Hammersmith and Fulham, London
£650 - £800 per day + +ir35 uplift towards NI/Hol
4 months ago
1 year +
Our Global Enterprise Media Client is looking for a highly experienced SPLUNK subject matter expert / Sr. Splunk Systems Reliability Engineer who has extensive experience designing building and deploying Splunk for large enterprise environments (tens of Terabytes per day). This role is based on site in West London.
This role will be the EMEA member of a small specialist globally distributed team that will be responsible for designing, building, deploying a next generation centralised Splunk platform for the whole enterprise across the Globe. The platform will be using the latest and greatest tools to extract infrastructure data from a vast variety of systems across the globe and transform this infrastructure data into insight for business decision making and automation purposes.

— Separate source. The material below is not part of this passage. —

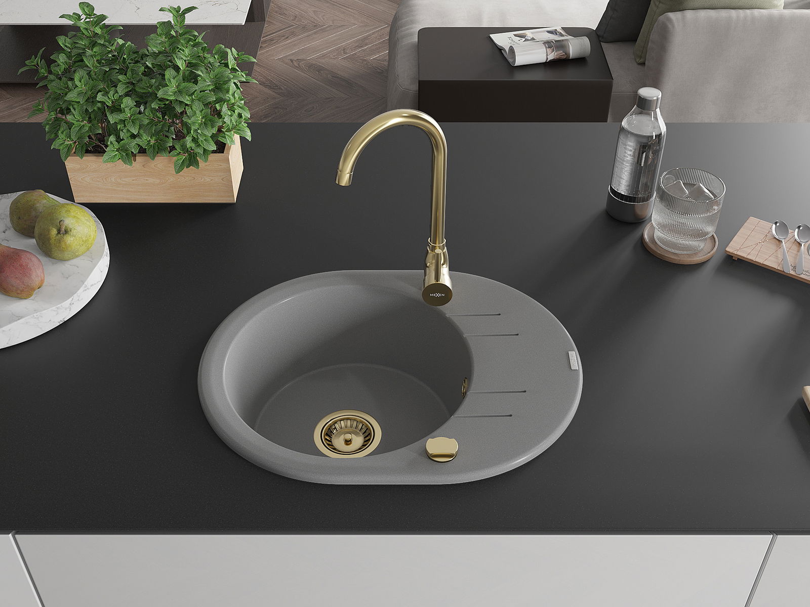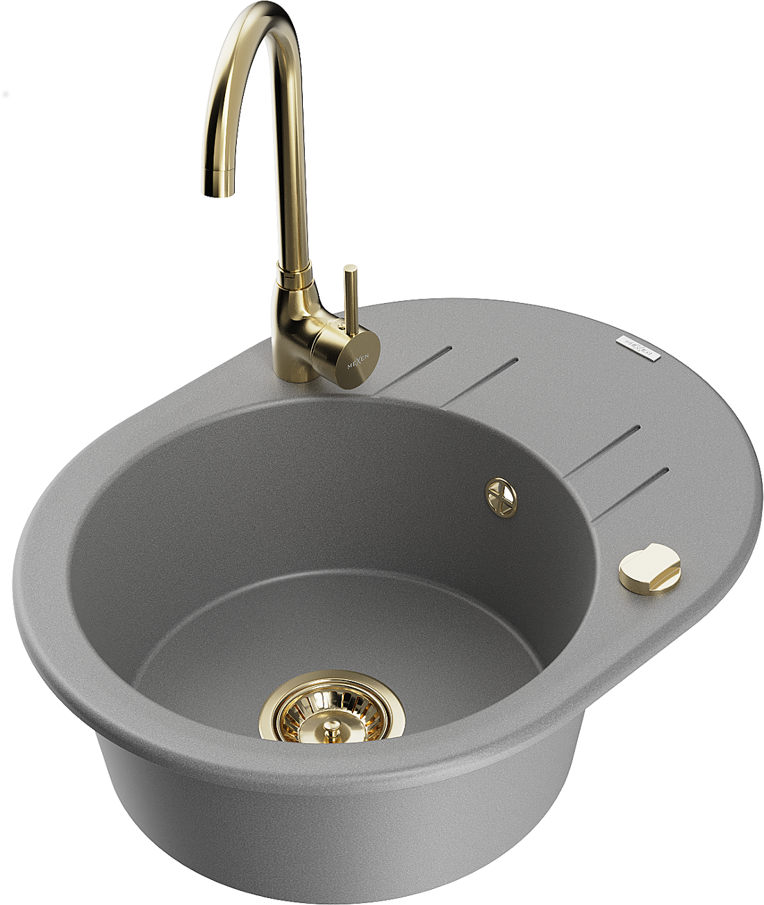 Mexen Kevin granitový dřez 1-komorový s odkapávačem a kuchyňskou baterií Telma, šedý - 6517-71-670200-50

This is not any old data from any old business, this is working for a world leader with exciting businesses and digital consumer facing products including streaming media platforms, ecommerce, theme parks, TV and Film entertainment.
-You will need to be a SME in the Splunk platform including Solution Design, Build, Deployment and management with Approx 5-7 years experience in this as this is a Senior role.
-You will need need to identify the platforms and extract data from a huge variety of sources, transform the data into insights and develop the dashboards and understand and interpret the data.
-Expertise with Splunk and modules such as Enterprise Security
-Expertise with large-scale Splunk environments (multiple tens of TBs/day of ingest)
-This SRE is expected to have experience running large-scale Splunk environment in the tens of terabytes per day of ingest with experience using the Enterprise Security module. The Sr SRE is also expected to have expert level systems administration skills in Linux and Windows platforms, and must have experience with software development (e.g. Python, Go, Java), automation experience (Chef, Terraform, Cloud Formation), cloud hosting (AWS, GCP & Azure), and the DevOps team culture.
The Splunk Systems Reliability Engineering (SRE) team helps elevate SRE practices within the enterprise keeping Splunk available and performing within our SLAs. Additionally, this SRE will be promoting and onboarding new technologies that work in conjunction with Splunk, solving complex automation and scaling issues with the companies next generation Splunk environment.
-Bachelor of Science degree (ideally Masters) in, computer science or related field or equivalent experience in technical operations and software engineering
Other skills you will need or use include:
-Expertise in multiple scripting languages and advanced skills in programming languages (e.g. Go, Python, Ruby, Dart, Node, Java, others alike) with ability to build test coverage for all software being developed.
-Systems administration skills on Linux and Windows platforms
-Networking skills and protocols (e.g. HTTP, TLS, SSH, DNS)
-Experience with Source Control Management systems (e.g. Git)
-Expertise in public and private cloud hosting services (AWS, Google Cloud, Azure)
-Proficient with data technologies (e.g. NoSQL, MySQL, MongoDB, Redis, Elastic) including being able to perform basic setup, configuration, and troubleshooting.
-Able to implement existing base standards for new systems and/or applications for all of the following:
-Site/Systems monitoring and instrumentation
-Application monitoring and instrumentation
-System monitoring and instrumentation
-Resilience, performance & Telemetry data
-Able to diagnose simple to complex system and process problems.
-Able to perform and provide in depth analysis on load test runs against a moderately complex system.
-Demonstrate exceptional troubleshooting methodology, including the ability to author and instruct new methodologies to the SRE team.
-Independently resolve moderately to highly complex system and application incidents.
-Able to identify and propose system and application fixes for performance bottlenecks.
-Able to evaluate new application requirements for capacity and run-time best practices.
-Able to evaluate new system and/or infrastructure solutions for technical feasibility against known requirements and standards.
-Effective at dealing with change: Able to transition in role or handle a significant modification or technology with minimal ramp-up time and with very little guidance.
Systems Reliability Engineers use a software engineering approach to architect, design, automate, monitor, and build applications at scale. This includes operating and engineering software with close business segment alignment to deliver platforms through efficient, effective and resilient architectures. SREs are talented engineers that are focused on improving quality through a data driven approach: instrumentation, automation, and functional/unit testing.
This role will be inside ir35 but the rate would have an additional uplift towards Company NI/Holiday.